Again, the Summa de Arithmetica, &c., of Lucas Pacioli, 1494, has the first pages (18) differently printed in different copies, ending with different words. This one book begins in three different ways, certainly; perhaps in more.

The reader who wishes to find more extensive accounts of bibliographical difficulties is referred to the report of the Commissioners mentioned at the beginning of this article, and (19) to its appendix. He may also consult the Quarterly Review, No. 143, May 1843, or the Dublin Review, No. 41, September 1846. We need not add more examples; we content ourselves with the production of enough to show those who have only seen the popular view of the the controversy, that there is a case on the other side which it is easy to support by instances. And this case might be much strengthened by having recourse to examples from literature instead of science: the former subject presents a wider field, more causes of accidental confusion, and more cases of intentional obscurity.

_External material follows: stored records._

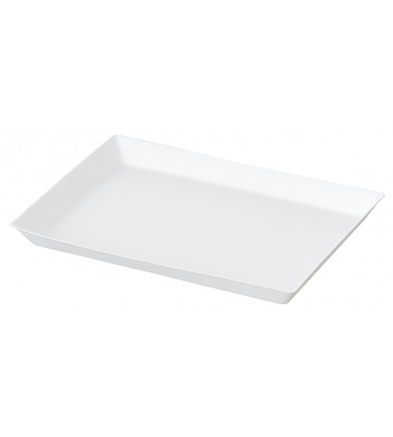 Oven- and microwave-safe Cubik Fibra small rectangular plate in white bagasse, in large packs.
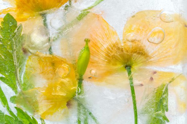 Fiori di meconopsis giallo su carta da parati foto. Le gocce d'acqua che accompagnano i fiori rendono questo sfondo fotografico ancora più realistico.
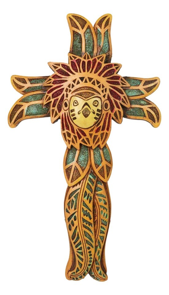 ? Honor nature and heritage with the Native American Owl Chief Wall Cross. This beautifully crafted piece features a wise owl adorned in a traditional tribal headdress, symbolizing wisdom, vision, and spiritual guidance. Set against a faux wooden cross with intricate floral accents, it blends cultural artistry with rustic charm. Perfect for Southwestern, Native-inspired, or nature-themed decor, this wall cross makes a meaningful addition to any home.
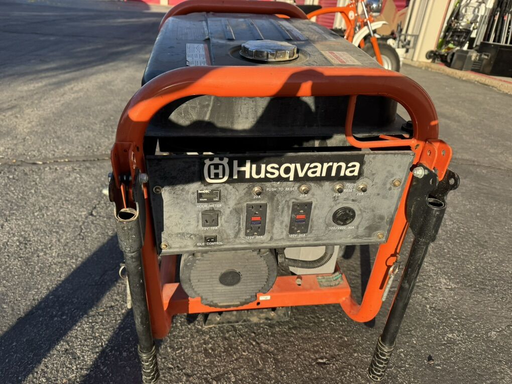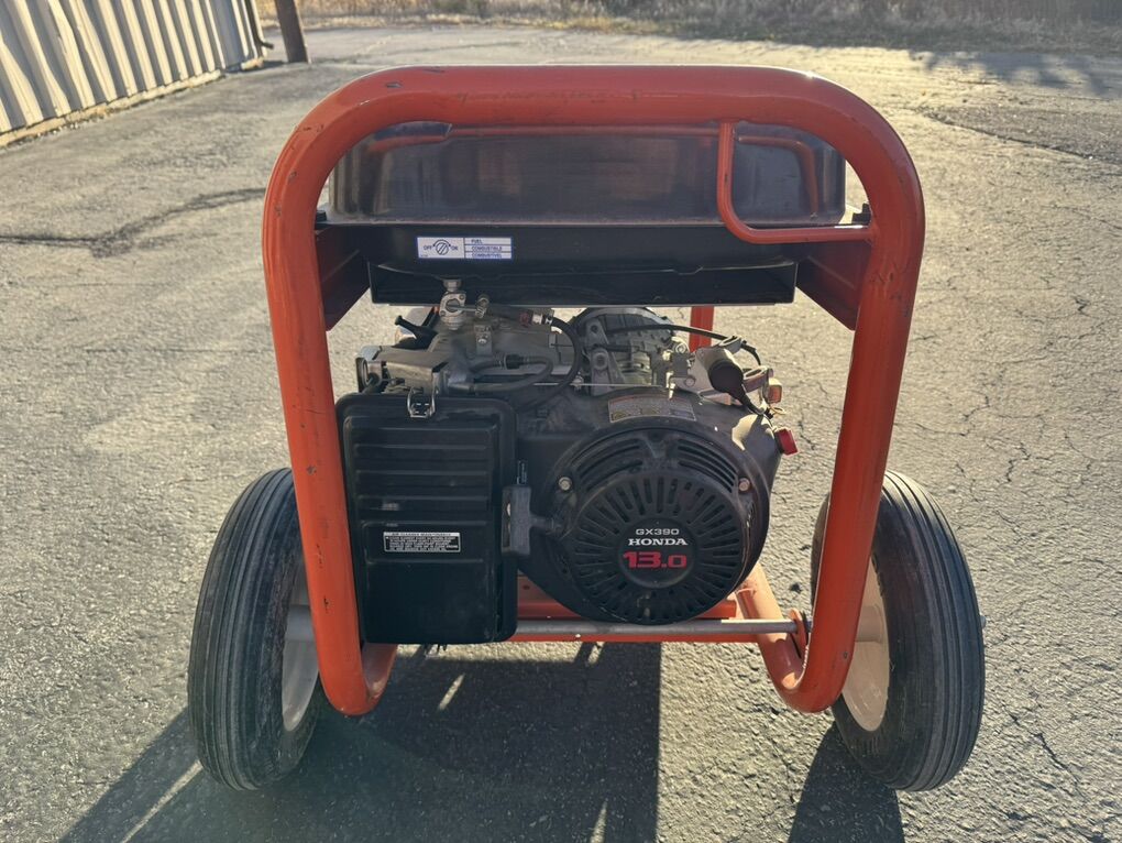 ZelleA whole house or job site portable generator with 6500 running watts and 8125 surge watts, featuring a 7-gallon fuel tank for long runtimes, automatic voltage regulation, and safety features like low oil shutdown and GFCI outlets. It is equipped with a commercial-grade Honda engine and comes with a sturdy frame, fold down handles, and pneumatic tires for easy transport. 228hrs old

Much of the misapprehension which has prevailed on the question of library catalogues in this country, has probably arisen from the anomalous position in which the Museum library has been placed. On the one hand, it is the resort, daily or occasional, not only of those who know what accurate research is, but also of those who are learning it, who arrive thither to make some investigation, and are lead on, by the genius loci and the temptation of ready means at hand, until they attain a depth far beyond their first intention. It is difficult to overrate what this national library has done, and is doing, for the cause of accuracy. And though a certain writer who describes himself, by implication, as of delicate intellect, sneers at the manufacture of the stuff called useful knowledge, which is carried on at the Museum, yet all whose understandings deserve a sounder title will see how much better that indispensable manufacture must go on, with such a library at command of the workman. This workman, fifty years ago, could obtain nothing but what his publisher could lend him [18] in nine cases out of ten. To all of whom we have hitherto been speaking, a correct description of books is most essential: and by half of them, at least, old books, such as we have been examining, are frequently consulted. On the other hand, the library is frequented by many who only acquire the books of most easy description, and by many who come but for books of amusement. These classes might be suited by a very easy catalogue, as to most of the books which they want; probably such entries as 'Encyclopaedia Britannica' and 'Guy Mannering' would serve their usual purposes. But these classes have not been useless. It may be suspected that the respect with which the House of Commons has treated the Museum library is due to the system under which most voters may obtain admission; and also that, if a library of research had been set apart for men of research, its interests would have been joked, yawned, or sneered out of the House by the unlearned majority. Nevertheless, so soon as literature can run alone, there are many and obvious reasons why a separation should take place between the libraries of the reader and the investigator.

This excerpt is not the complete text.